**** Given data
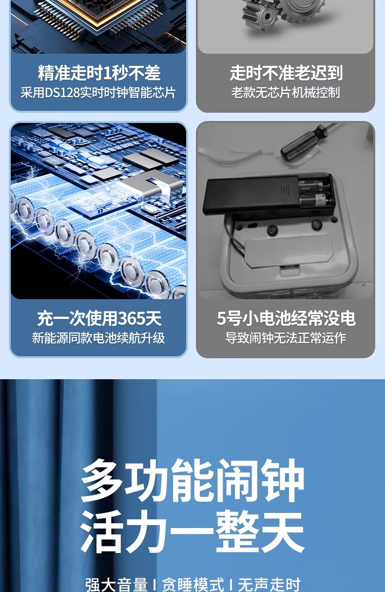 학생들을위한 알람 시계 2025 새로운 스마트 대용량 다기능 아이들을위한 자동 알람 시계 충전
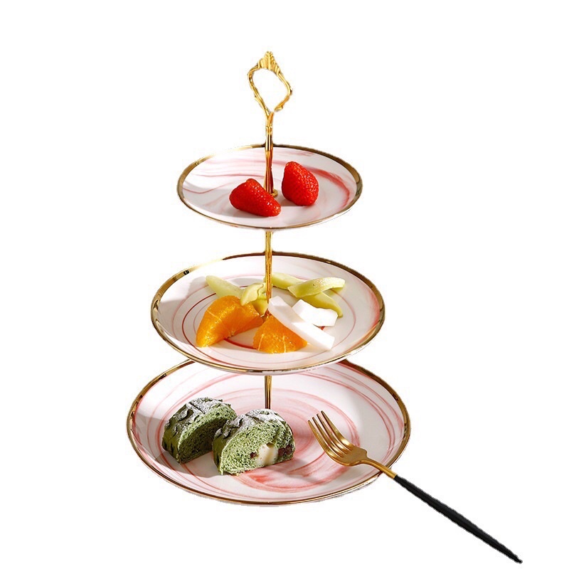 Nhà cửa & Đời sống > Bộ đồ bàn ăn > Dĩa || Đĩa sứ ba tầng vân đá, khay sứ ba tầng mầu hồng cao cấp Huy decorCòn hàng
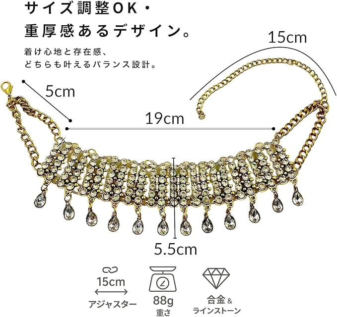 【全ダンサーの夢を形に。あらゆるレベルのダンサーに対応する洗練されたデザイン】 初心者からプロフェッショナルまで、すべてのダンサーが使用できるように考え抜かれたデザインです。豪華なデザインで、クリスタルのラインストーンが輝きを放ちます。ジプシーやトライバルの要素が取り入れられており、セクシーで魅力的な印象を与えます。また、マーメイドやサイーディー、オリエンタルな雰囲気も持ち合わせており、様々なダンススタイルに対応しています。特別なパフォーマンスやイベントのためだけでなく、毎日の練習にも適しています。このチョーカーを身につければ、どんな舞台でも自信を持って表現できます。
********
__What is being asked__
When you write out the material again, keep every word exact and omit the pictures.

__Written reply__
 학생들을위한 알람 시계 2025 새로운 스마트 대용량 다기능 아이들을위한 자동 알람 시계 충전
 Nhà cửa & Đời sống > Bộ đồ bàn ăn > Dĩa || Đĩa sứ ba tầng vân đá, khay sứ ba tầng mầu hồng cao cấp Huy decorCòn hàng
 【全ダンサーの夢を形に。あらゆるレベルのダンサーに対応する洗練されたデザイン】 初心者からプロフェッショナルまで、すべてのダンサーが使用できるように考え抜かれたデザインです。豪華なデザインで、クリスタルのラインストーンが輝きを放ちます。ジプシーやトライバルの要素が取り入れられており、セクシーで魅力的な印象を与えます。また、マーメイドやサイーディー、オリエンタルな雰囲気も持ち合わせており、様々なダンススタイルに対応しています。特別なパフォーマンスやイベントのためだけでなく、毎日の練習にも適しています。このチョーカーを身につければ、どんな舞台でも自信を持って表現できます。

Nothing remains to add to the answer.